Actually, the Philippines is now denying [en] that it even apologized:

“No apologies were necessary and none was given,” the Foreign Affairs chief [Alberto del Rosario] said in a statement.

After going through the top-rated comments in the above Netease discussion, I looked at the most recent comments as they flowed in at a rate of several per minute, and in came this sardonic exchange:

Commenter 1 (Heilongjiang):  The deliberate ramming just one side of things – isn’t it more important that the Philippines Navy was violating China’s territorial waters?

Commenter 2 (Sichuan): No, their [Beijing leaders'] bottom line is Beijing’s Second Ring Road.

Oh dear.
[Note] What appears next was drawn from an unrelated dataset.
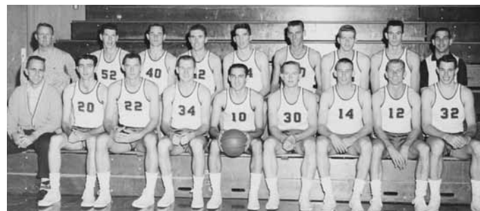
The 1960 championship team

I actually feel sorry for Jiang Yu and the Foreign Ministry.

=========

UPDATE 25/10: Over the weekend NetEase managed to stir-fry the issue even further by translating a Filipino newspaper article taunting Chinese diplomacy for being a “toothless tiger” [zh], discussion of which prompted 4840 comments, with a staggering 275,000 participants weighing in. The top comments all expressed agreement with the Filipino article, along a spectrum from bitter to hearty (“The Filipino media has given voice to exactly what ordinary Chinese people are thinking”).

Although the story’s source is specified as Xinhuanet, the source link is to the page’s own URL, and I can find no trace of it on any other news sites, including Xinhua’s. This raises the question as to what hidden agendas NetEase might have for pushing the story where its competitors have not, but without in-depth research into the company’s ownership and control structure i’d be getting out of my depth there.